Collected year-round from 1968 to 1978, this data provided insight into the fish’s diets – what was in their stomachs – and which prey was present in their environment at different temperatures. The stomach contents indicated that fish gradually shifted their focus from less abundant prey to more abundant prey as waters became warmer.

“Fish species in the Baltic Sea and elsewhere are facing a multitude of man-made pressures, like overfishing or pollution”, adds co-author Gregor Kalinkat of the Leibniz Institute of Freshwater Ecology and Inland Fisheries (IGB). “The effect of more inefficient prey searching behaviour under warming might be another, so far overlooked factor leading to fish stocks that cannot recover even when fisheries pressure is significantly reduced.”

Using these insights, the researchers then calculated how this change in foraging behaviour at different temperatures impacts other species and the ecosystem overall using mathematical food web models based on theoretical communities. The results suggest that this change in foraging behaviour when temperature increases lead to more extinctions for consumer species, like fish. These extinctions, in turn, come with knock-on effects for other species in the community.

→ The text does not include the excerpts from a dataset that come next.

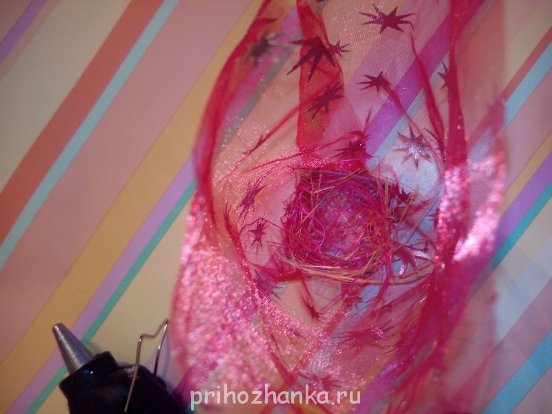 Затем приклеиваем с помощью клеевого пистолета органзу. Ее клеим , закладывая складочки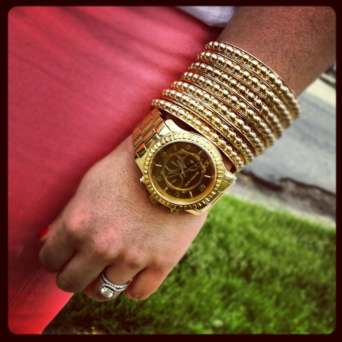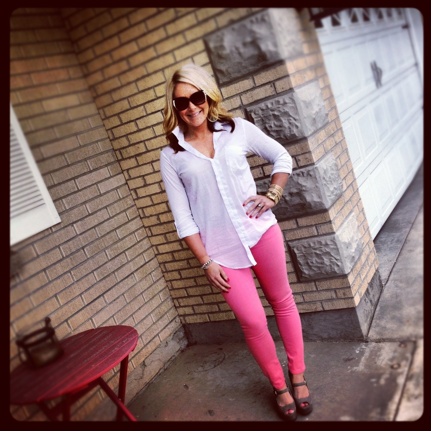 Remember that old acronym from school? Keep it simple stupid (or silly, as I prefer to say)? My very favorite teacher ever (Mr. Armstrong) used to always say that to our class. He also used to say that “pressure makes diamonds” which is a saying I like a lot-and still sometimes use, particularly when I find myself in a stressful situation. But it was K.I.S.S. that popped into my head the other night when I was trying to figure out what to wear with my new pink jeans. As much as I love colored jeans, sometimes it can be easy to over think what exactly to wear with them. I tried on a multitude of options (all of which I like and will eventually share), but I was really drawn to the simplicity of a plain white henley, sky high platforms, and some simple gold earrings and bangles to complete the look.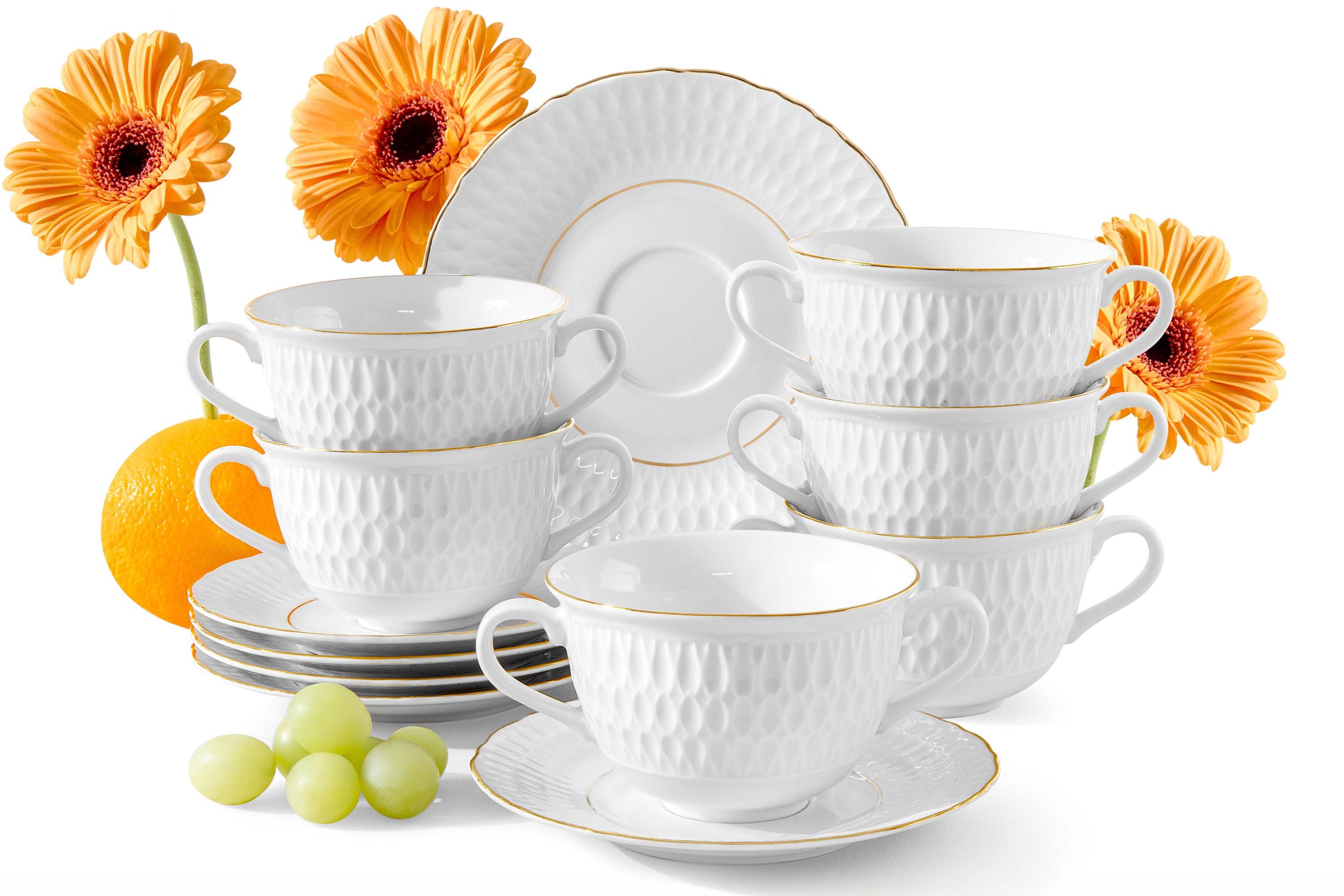 Die Porzellankollektion SOFIA ist eine Kombination aus klassischer und zeitloser Eleganz, die in zwei einzigartigen Вариантыn erhältlich ist: weiß und handdekoriert mit einer zarten Linie aus echtem Gold. Charakteristisch für diese Kollektion sind die subtilen Rillen, die an die Form einer Träne erinnern, ihr einen einzigartigen Charme verleihen und ihren raffinierten Stil unterstreichen. Jedes Geschirrteil ist aus hochwertigem europäischem Hartporzellan gefertigt, das sich durch seine sorgfältige Ausarbeitung von anderen unterscheidet.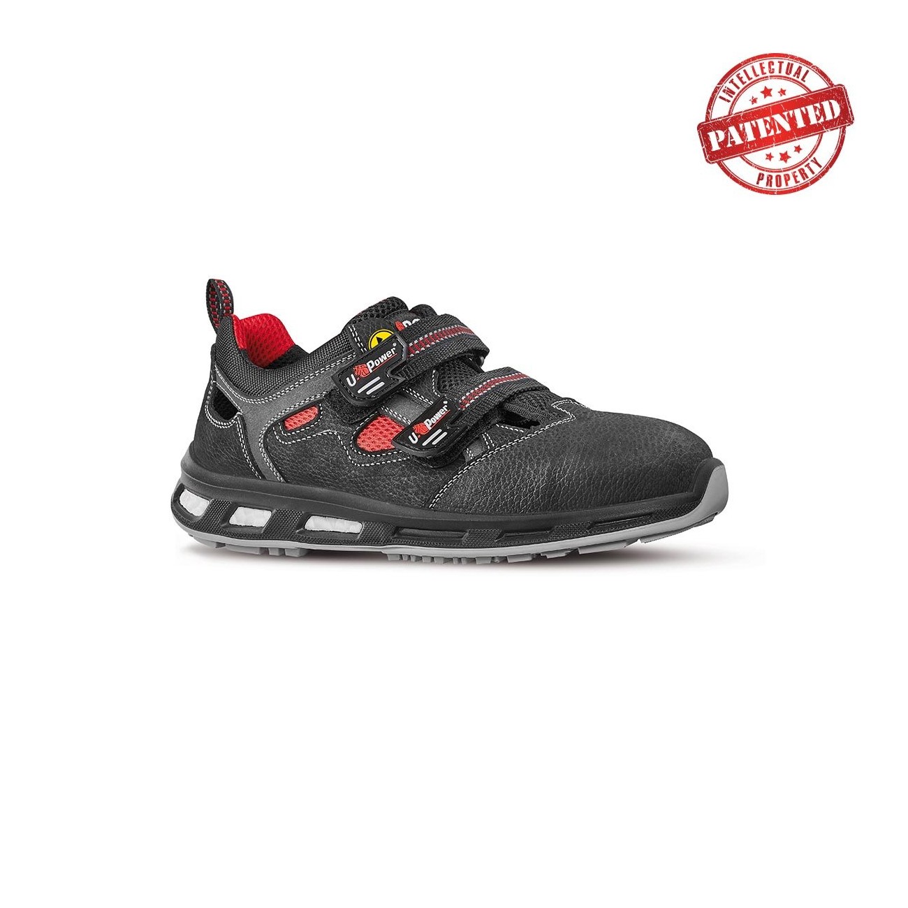 Scarpe antinfortunistiche basse, leggere e comode u power della linea Red Lion, totalmente "metal free", con tomaia in pelle nabuk naturale bottalato, idrorepellente, traspiranti, puntale composite, antiperforazione, antiscivolo e suola PU/PU infinergy S1P SRC, ESD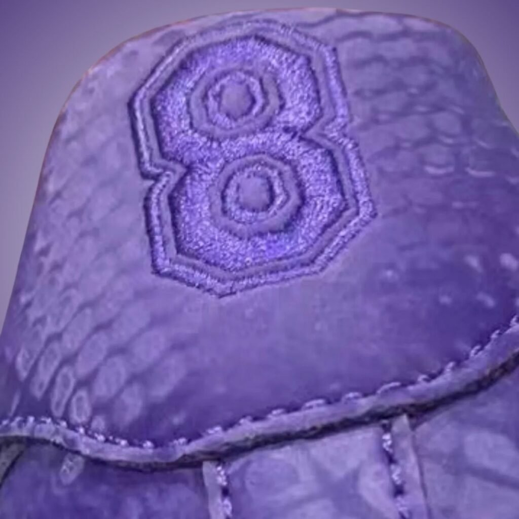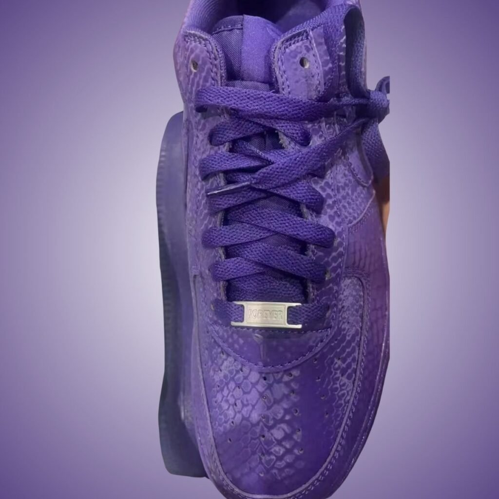 This Nike Air Force 1 Low is covered in Court Purple, but what makes this pair unique is what goes into it. As you can see, the shoes feature snakeskin detailing across the upper, giving the shoes an exotic feel and connecting to Kobeโs โMambaโ moniker. Kobeโs numbers โ8โ and โ24โ are embroidered on the heels, while the lace dubrae reads โForever.โ The design is completed with the Kobe shield logo on the lateral side, Purple on the midsole, and a matching rubber outsole.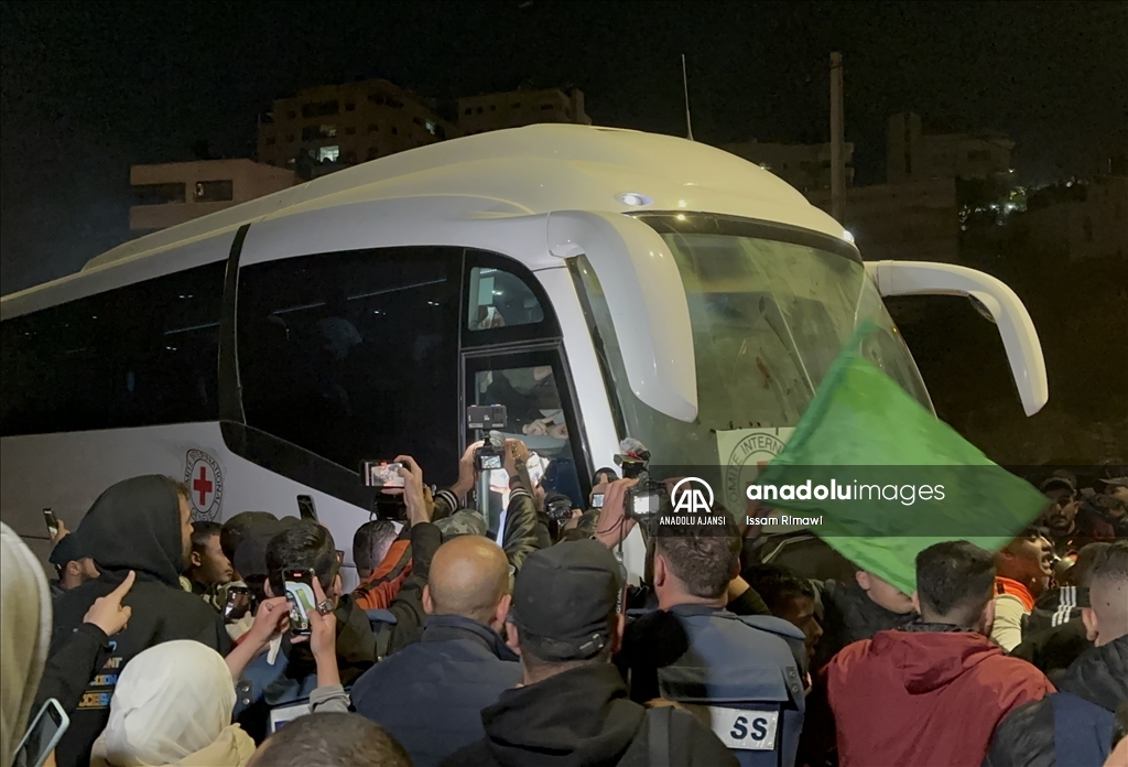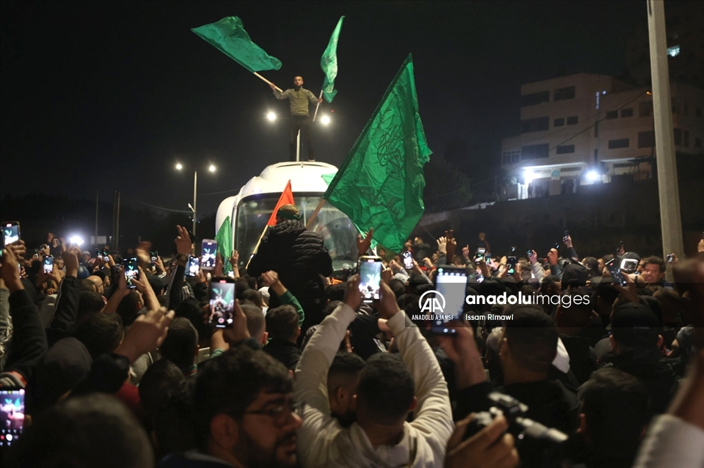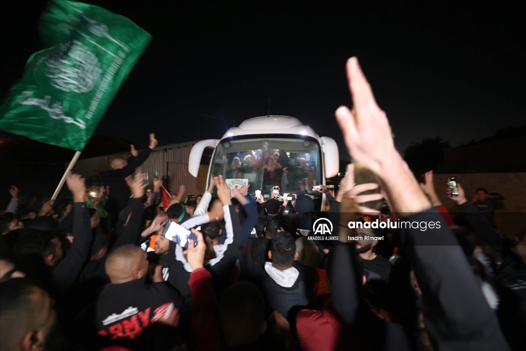 İsrail ile Hamas arasında yapılan esir takası mutabakatı kapsamında İsrail hapishanelerindeki 24'ü kadın 15'i de 18 yaş altı çocuk olan 39 Filistinli esir serbest bırakıldı. Kızılhaç'a aile araçla Batı Şeria'nın Betunya Beldesi'ne ulaşan Filistinliler, yüzlerce kişi tarafından coşkuyla karşılandı. ( Issam Rimawi - Anadolu Ajansı )Issam Rimawi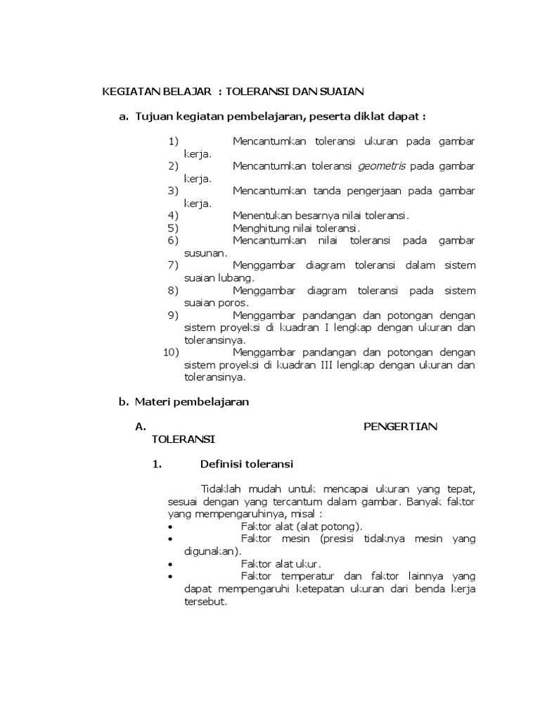 Toleransi Ukuran Teknik Mekanik Industri Smk Negeri 1 Jatirejo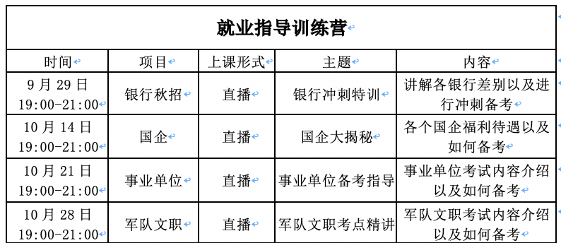 本期辅导班新增设就业指导训练营+多种考试录播网课辅导版块,采取直播+录播相结合的形式全方位帮助学生进行备考提升。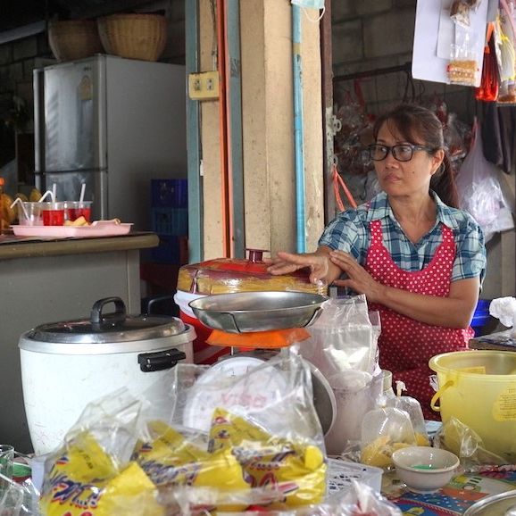 At this typical mini corner store you can find everything you need, from fresh vegetables, herbs, eggs to local sweets. Auntie Jumnian also prepares homemade northern dishes every morning. This is a popular takeaway place among the local community, they usually run out by noon.

“Adaptation of foraging behaviour to local environmental conditions is usually a key to maintaining high levels of biodiversity in ecosystems”, Gauzens adds. “It is therefore puzzling to see that this might not be entirely true in the context of temperature increase.”

Though striking, the implications of the findings are estimated as they are currently based on theoretical models. In future, the researchers hope to test the mechanism in a natural environment and study different organisms to see whether they exhibit similar or different changes in their foraging behaviour.